_Records from a data source_
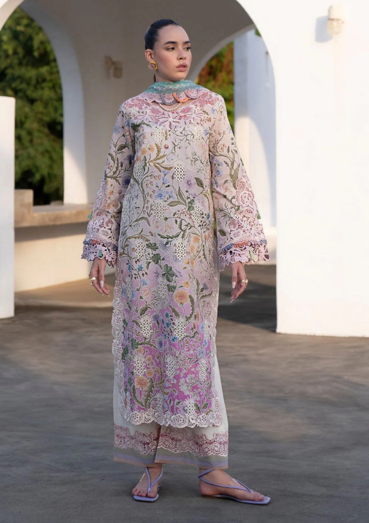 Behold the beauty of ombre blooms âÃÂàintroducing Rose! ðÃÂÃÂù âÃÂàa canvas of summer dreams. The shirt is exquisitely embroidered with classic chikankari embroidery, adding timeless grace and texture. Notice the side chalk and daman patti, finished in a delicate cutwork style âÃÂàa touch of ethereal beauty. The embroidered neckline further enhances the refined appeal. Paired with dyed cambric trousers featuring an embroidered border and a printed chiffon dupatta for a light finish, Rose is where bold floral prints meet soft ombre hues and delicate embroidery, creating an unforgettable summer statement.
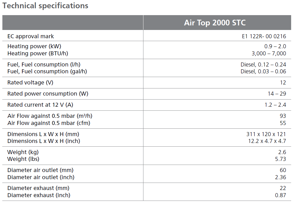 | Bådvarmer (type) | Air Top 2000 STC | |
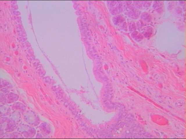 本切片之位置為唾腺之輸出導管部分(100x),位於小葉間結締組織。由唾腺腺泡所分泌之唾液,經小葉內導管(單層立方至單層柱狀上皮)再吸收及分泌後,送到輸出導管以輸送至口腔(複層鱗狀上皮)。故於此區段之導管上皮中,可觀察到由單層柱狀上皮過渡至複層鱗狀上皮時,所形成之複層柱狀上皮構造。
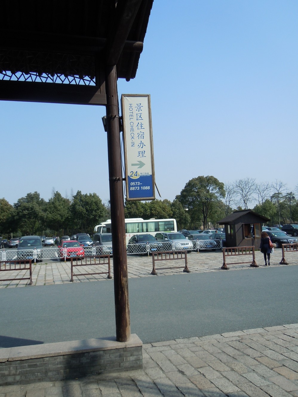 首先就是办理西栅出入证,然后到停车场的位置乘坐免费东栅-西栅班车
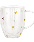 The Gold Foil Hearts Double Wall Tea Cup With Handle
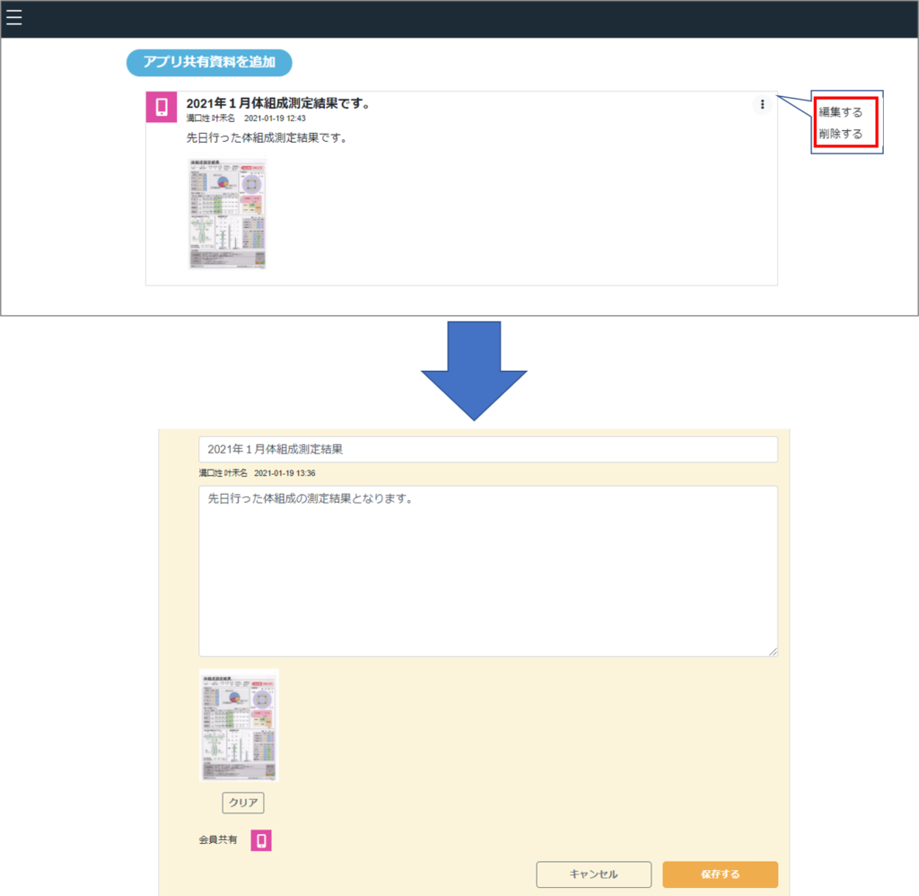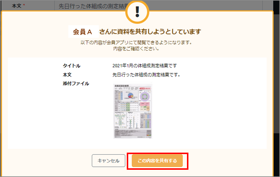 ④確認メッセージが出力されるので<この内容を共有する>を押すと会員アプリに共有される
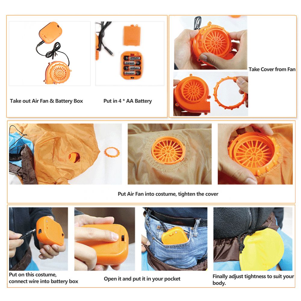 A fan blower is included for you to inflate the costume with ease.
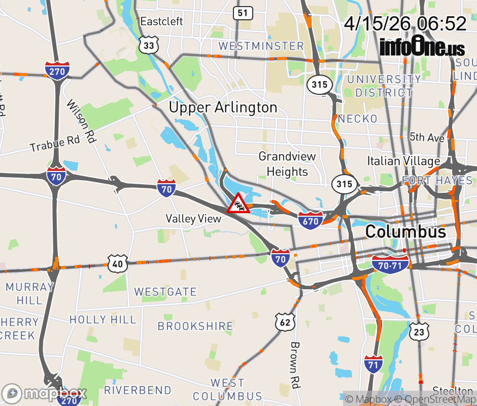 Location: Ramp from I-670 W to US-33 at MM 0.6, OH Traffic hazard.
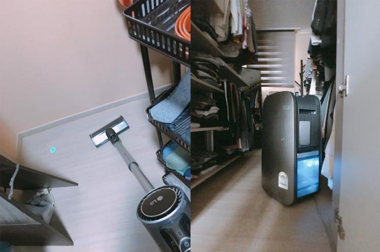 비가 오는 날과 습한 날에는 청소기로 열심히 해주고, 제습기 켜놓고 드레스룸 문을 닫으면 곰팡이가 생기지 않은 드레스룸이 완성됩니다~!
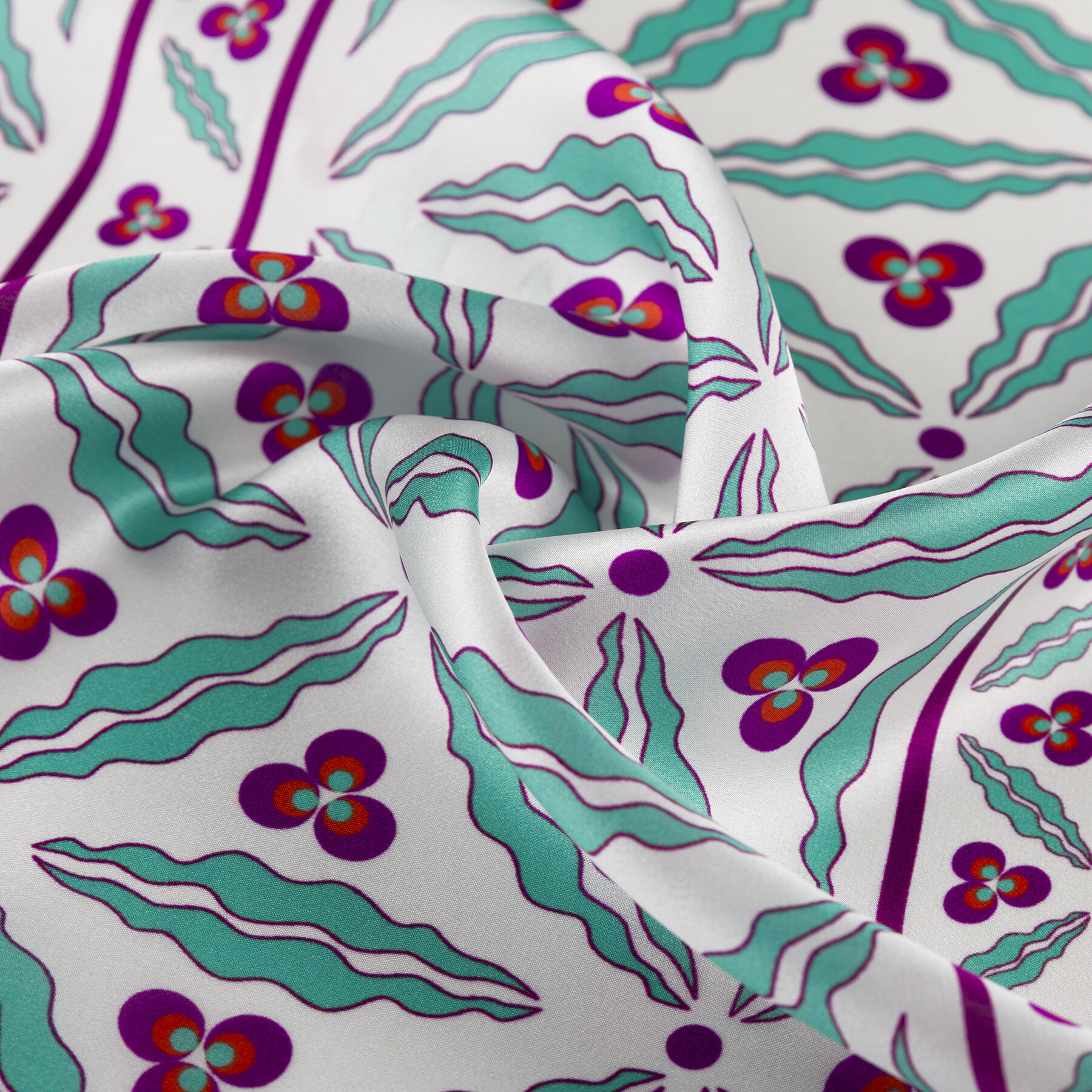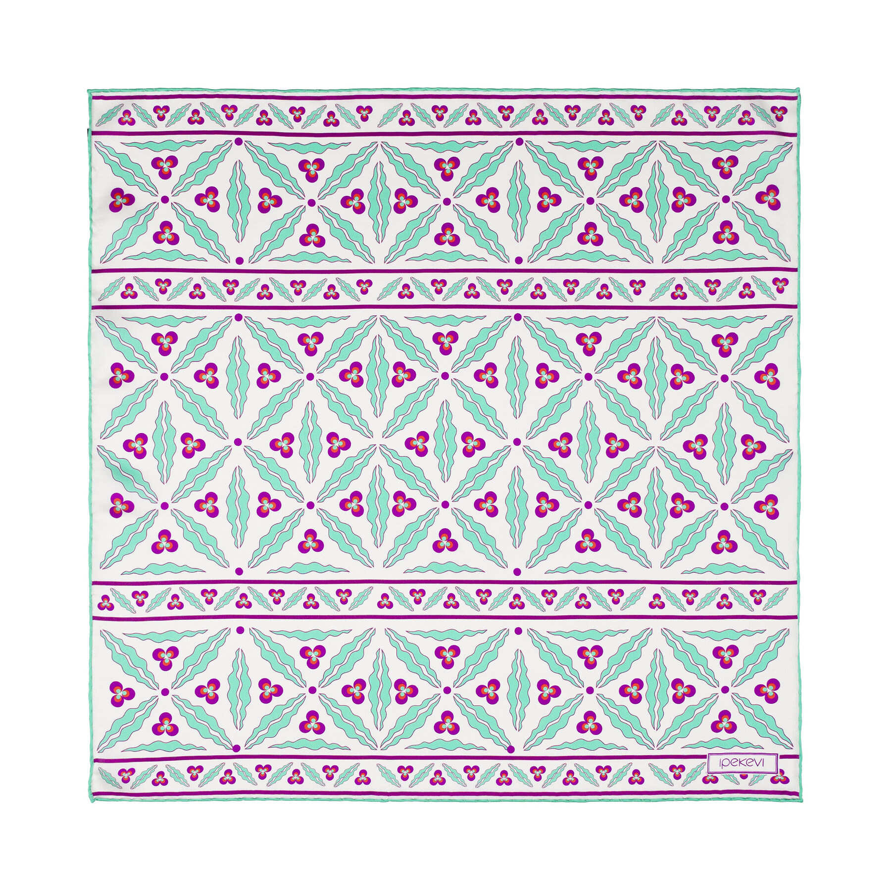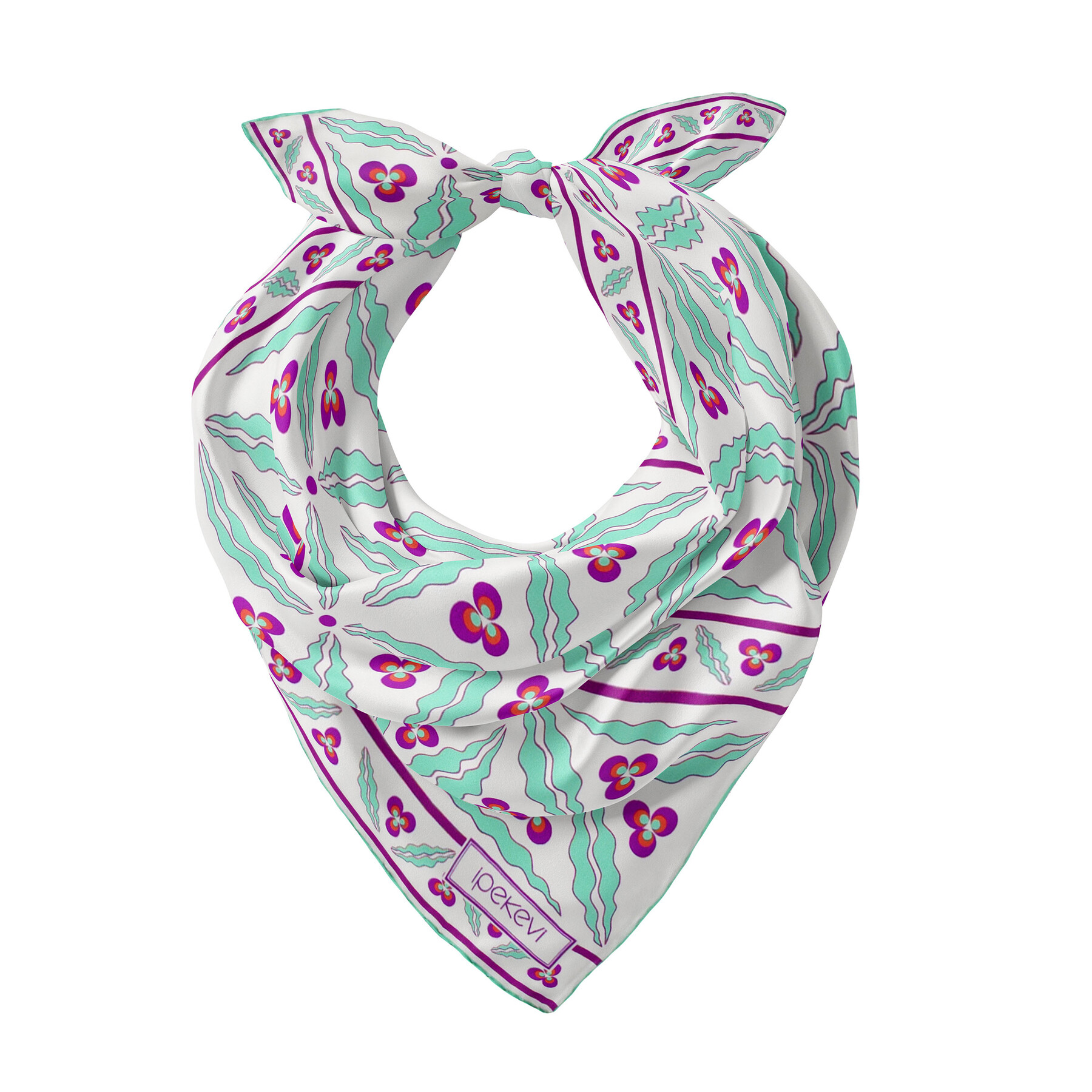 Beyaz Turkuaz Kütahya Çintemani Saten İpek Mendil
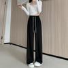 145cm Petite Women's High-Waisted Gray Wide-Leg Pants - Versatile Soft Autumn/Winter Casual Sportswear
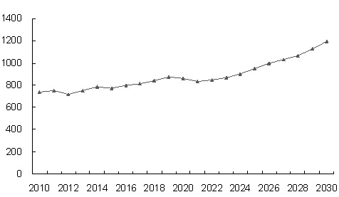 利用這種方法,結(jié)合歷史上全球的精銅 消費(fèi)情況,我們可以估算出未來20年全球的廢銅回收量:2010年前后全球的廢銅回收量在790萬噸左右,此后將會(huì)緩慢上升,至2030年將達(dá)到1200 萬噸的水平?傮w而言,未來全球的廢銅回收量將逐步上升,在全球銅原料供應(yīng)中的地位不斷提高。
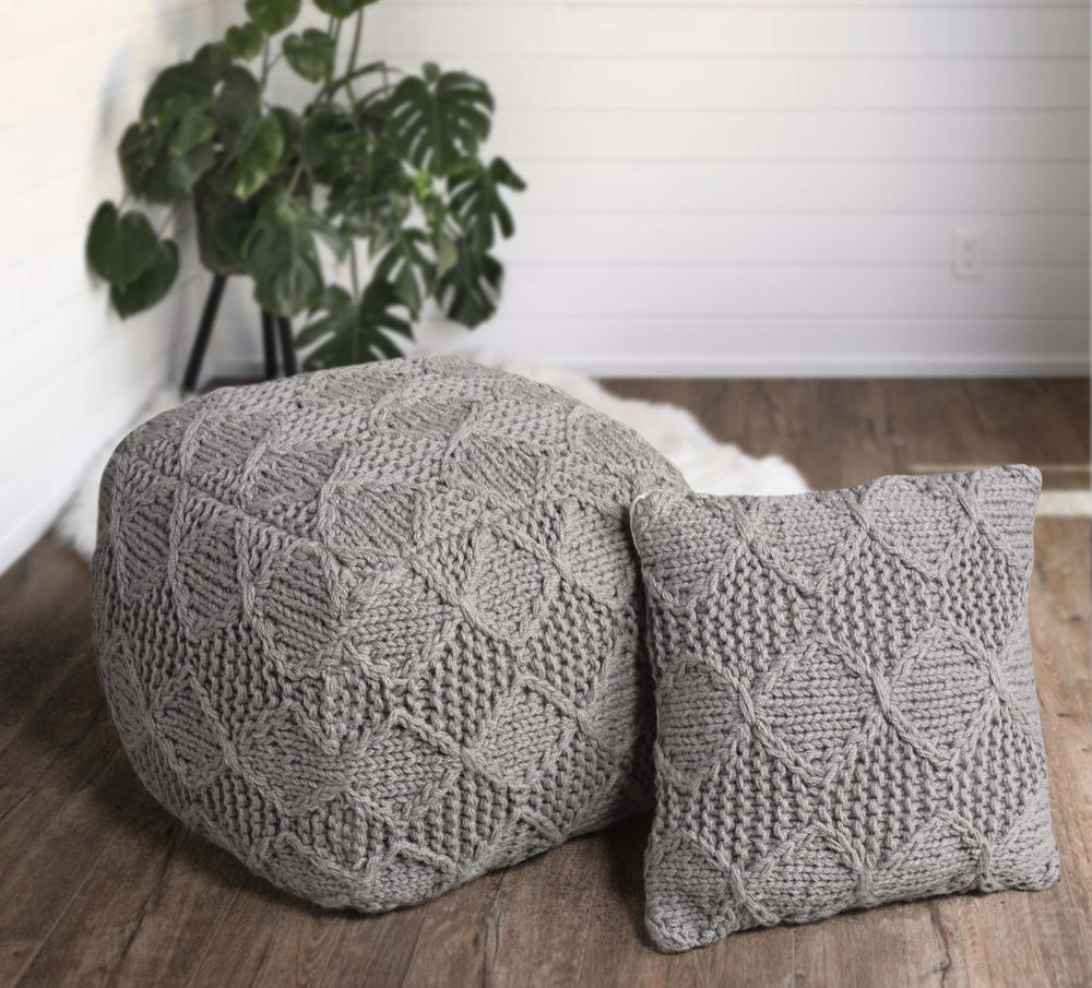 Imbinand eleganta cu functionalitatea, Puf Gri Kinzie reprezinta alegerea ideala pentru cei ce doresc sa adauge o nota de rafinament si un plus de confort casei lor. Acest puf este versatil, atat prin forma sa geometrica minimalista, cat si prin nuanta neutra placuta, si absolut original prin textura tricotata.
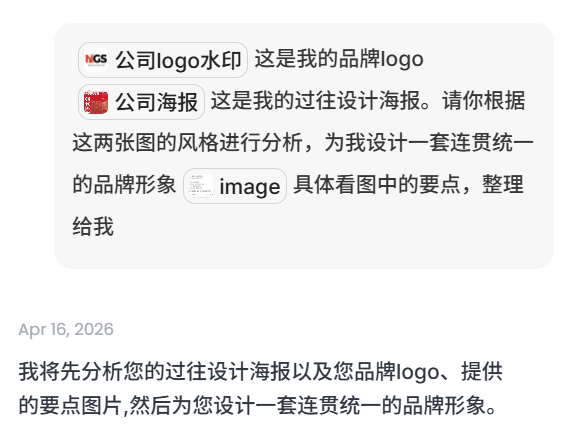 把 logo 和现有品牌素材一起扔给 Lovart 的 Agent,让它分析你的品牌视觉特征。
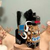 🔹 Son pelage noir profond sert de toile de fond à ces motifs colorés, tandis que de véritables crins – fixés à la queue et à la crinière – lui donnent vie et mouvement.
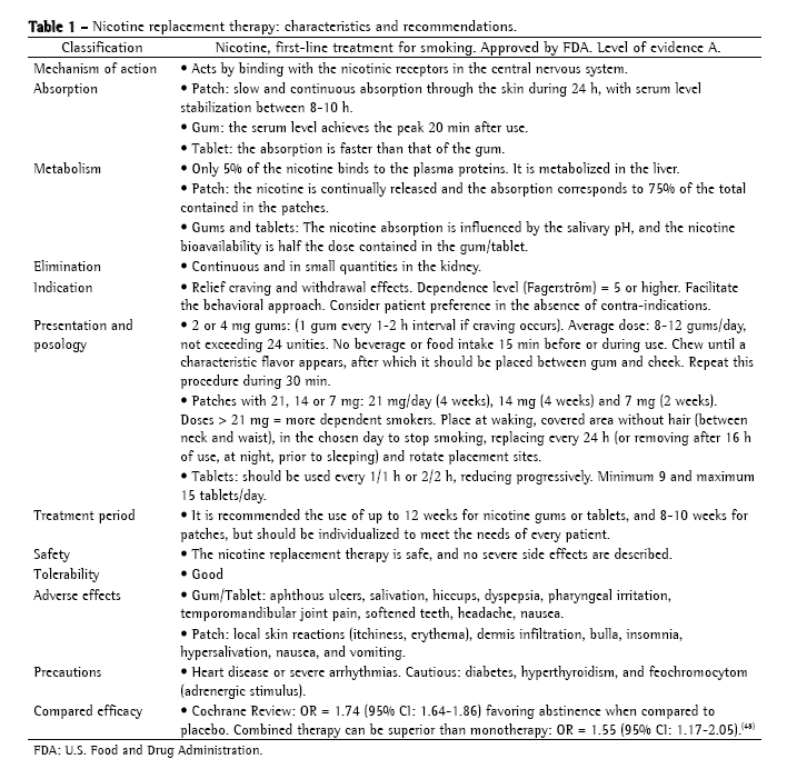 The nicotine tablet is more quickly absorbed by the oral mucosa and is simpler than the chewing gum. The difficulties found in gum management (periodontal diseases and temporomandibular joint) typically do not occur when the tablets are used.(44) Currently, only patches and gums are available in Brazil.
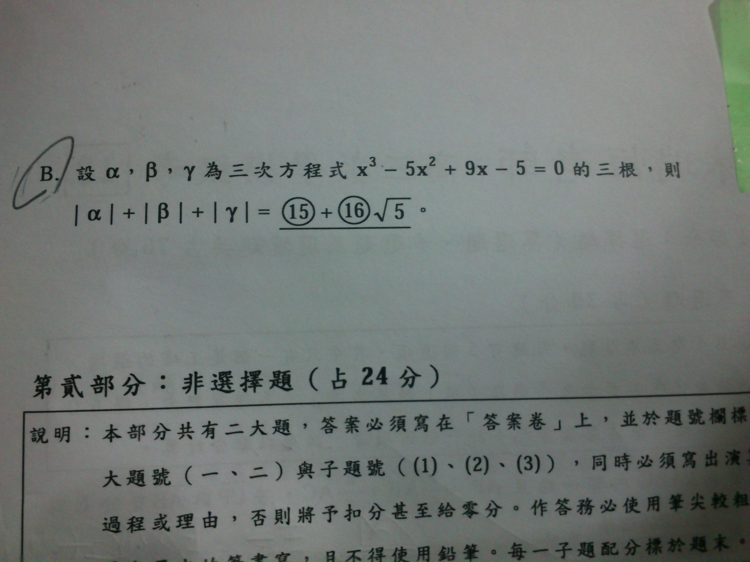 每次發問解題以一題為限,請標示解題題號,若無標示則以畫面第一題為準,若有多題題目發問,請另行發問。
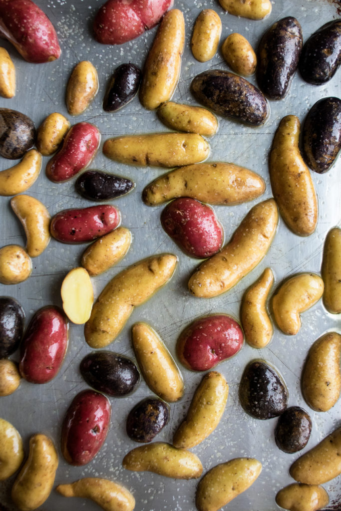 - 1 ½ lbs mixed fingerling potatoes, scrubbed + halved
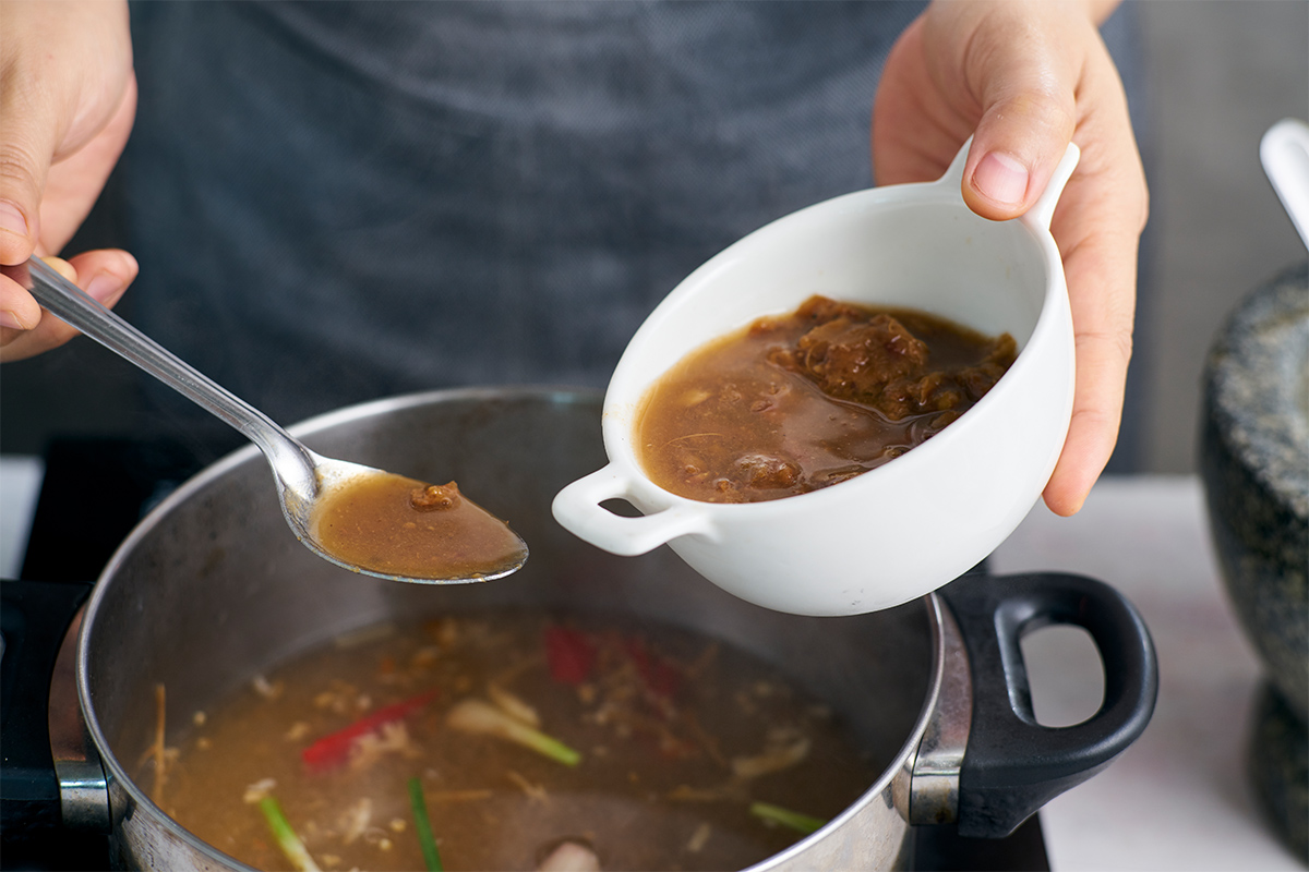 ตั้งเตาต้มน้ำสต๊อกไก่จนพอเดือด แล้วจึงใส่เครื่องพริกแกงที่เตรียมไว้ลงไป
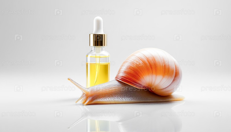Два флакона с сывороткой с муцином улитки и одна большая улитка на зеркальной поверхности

_The task_
Write out, exactly and with no pictures, the lines of the data from the first through the line containing "145cm Petite Women's".

_Expected answer_
 Behold the beauty of ombre blooms âÃÂàintroducing Rose! ðÃÂÃÂù âÃÂàa canvas of summer dreams. The shirt is exquisitely embroidered with classic chikankari embroidery, adding timeless grace and texture. Notice the side chalk and daman patti, finished in a delicate cutwork style âÃÂàa touch of ethereal beauty. The embroidered neckline further enhances the refined appeal. Paired with dyed cambric trousers featuring an embroidered border and a printed chiffon dupatta for a light finish, Rose is where bold floral prints meet soft ombre hues and delicate embroidery, creating an unforgettable summer statement.
 | Bådvarmer (type) | Air Top 2000 STC | |
 本切片之位置為唾腺之輸出導管部分(100x),位於小葉間結締組織。由唾腺腺泡所分泌之唾液,經小葉內導管(單層立方至單層柱狀上皮)再吸收及分泌後,送到輸出導管以輸送至口腔(複層鱗狀上皮)。故於此區段之導管上皮中,可觀察到由單層柱狀上皮過渡至複層鱗狀上皮時,所形成之複層柱狀上皮構造。
 首先就是办理西栅出入证,然后到停车场的位置乘坐免费东栅-西栅班车
 The Gold Foil Hearts Double Wall Tea Cup With Handle
 ④確認メッセージが出力されるので<この内容を共有する>を押すと会員アプリに共有される
 A fan blower is included for you to inflate the costume with ease.
 Location: Ramp from I-670 W to US-33 at MM 0.6, OH Traffic hazard.
 비가 오는 날과 습한 날에는 청소기로 열심히 해주고, 제습기 켜놓고 드레스룸 문을 닫으면 곰팡이가 생기지 않은 드레스룸이 완성됩니다~!
 Beyaz Turkuaz Kütahya Çintemani Saten İpek Mendil
 145cm Petite Women's High-Waisted Gray Wide-Leg Pants - Versatile Soft Autumn/Winter Casual Sportswear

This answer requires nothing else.